A combination of things have happened lately to make me feel compelled to write about this topic. The main one is that I’m starting my acupuncture internship at a fertility focused clinic. Other more personal recent events around me also sparked this conversation for me. Forewarning that this content may be triggering for you if you have experienced this, or someone close to you.
I definitely think that even the term ‘miscarriage’ implies that the fetus was ‘miss carried’ by the holder. I cannot touch on this topic without addressing that most girls and women feel that when this happens to them it was their fault. That they did something incorrect, that their body is faulty, their less of a woman with damaged infertile soil.
When I was six years old and my brother was four, my Mom got pregnant again. I begged her every night for a year when she tucked me in to bed to talk to my Dad about having another baby. Then one day by some miracle, she was expecting a baby. This news made me feel like it was my child too, that I had manifested a being into the world with my wishes. I think this was the first time I ever felt like, ‘okay yeah maybe god is real’.
And then one day I walked into my room, and it was the first time I saw my own Mother crying. And by crying I do not mean tears, I been bawling her soul out. She was trying to put my laundry away and couldn’t.
I asked her what was wrong and she couldn’t even speak, she lead me to her bed where my Dad, brother, and I all sat down. She told me the baby was no longer inside of her.
This was so confusing. Suddenly it went from picking names because she was in her second trimester, SIX months pregnant- everyone knew. To radiophone silence, after that day we never spoke about it again altogether. My parents divorced four years later, and these two experiences were my first life lessons at 6 and 10 about loss and grief. Even then I knew it was so bizarre, where did the baby even go? The soul? I felt so strongly it was a little girl, my first sister I even named her Emma (most likely because even at six I was watching Friends and Rachel had named her baby Emma).
At 28 I’m writing this with tears in my eyes because a month or so ago my friend had a miscarriage. I’ve had this happen around me many times but it always feels the same. Especially the time a friend of mine had a still birth. That woke my childhood trauma right up. A book that I highly recommend for anyone with this trauma is ‘Spirit Babies’ by Walter Makichen. It really helped me to spiritually understand the options that are possible.
The only thing that helps is talking about it. Being able to say I am scared, nervous, this happened to be before etc. To allow the conversation about the fact that life and death run hand in hand. We never know what is going to happen, our breath is precious and fragile.
Thinking about starting my internship next week my intention is to learn how to hold space for whatever comes up. Whether that’s someone trying to get pregnant, is pregnant, or recently miscarried. I want to learn how to be able to create space between myself and the experience emotionally so that I don’t cry every time a patient experiences loss. I am curious about doing this kind of work but I also know it’s going to be a combination of opposites whether thats excitement, nervousness, fear, or grief.
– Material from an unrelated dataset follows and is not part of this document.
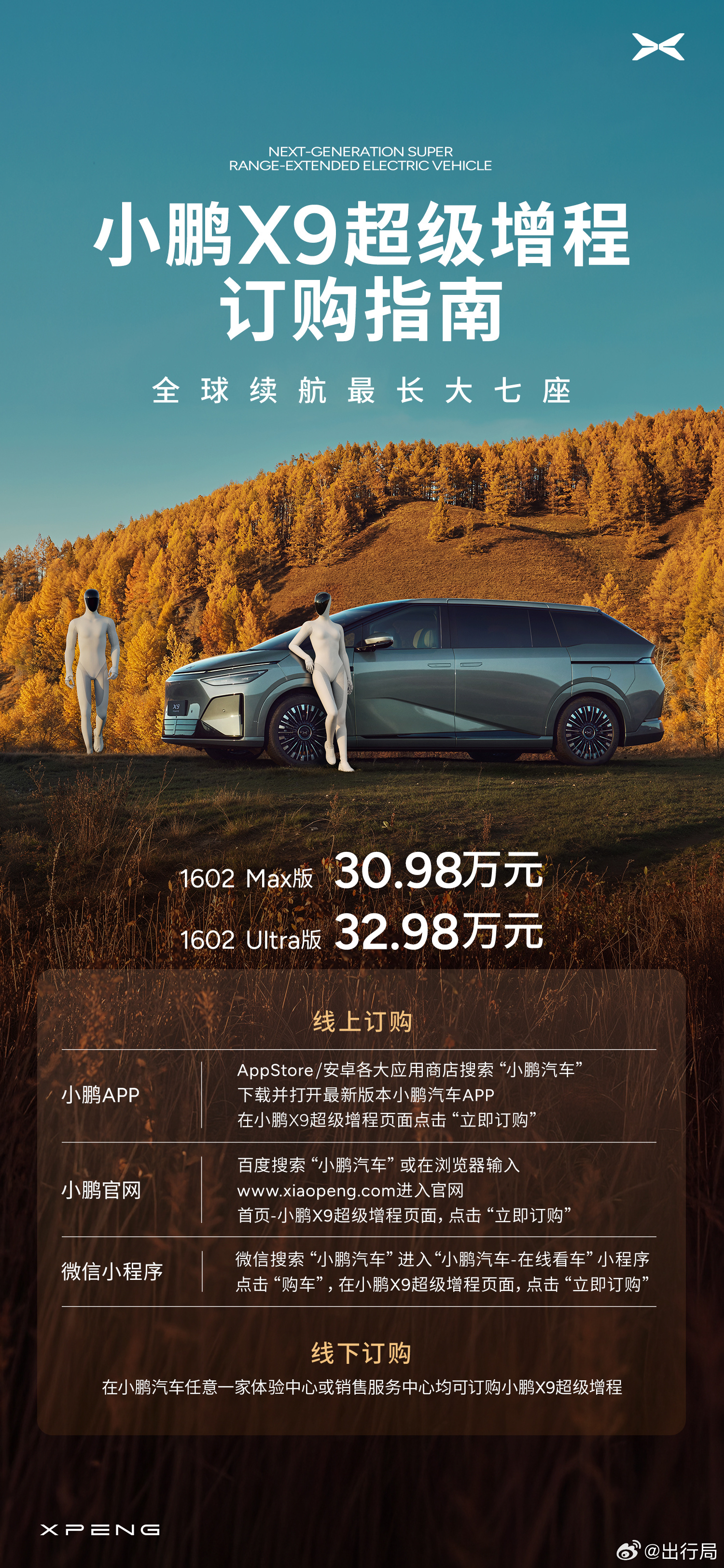 期待了很久的小鹏X9增程版终于上市了!Max版30.98万元,Ultra版32.98万元,可以说小鹏X9增程版交出了家庭MPV的一份优秀答卷!

I do really believe now from healing this for myself that sometimes something shifts, the environment isn’t right, the divine plan changes. It can be really hard to just trust and to try to just focus on creating the best environment internally and externally too bring life into the world. A huge burden of stress can be lifted if women feel that they can more easily speak about the fact that miscarriages are very common, happen daily around the world, and that it is never one persons fault if they do.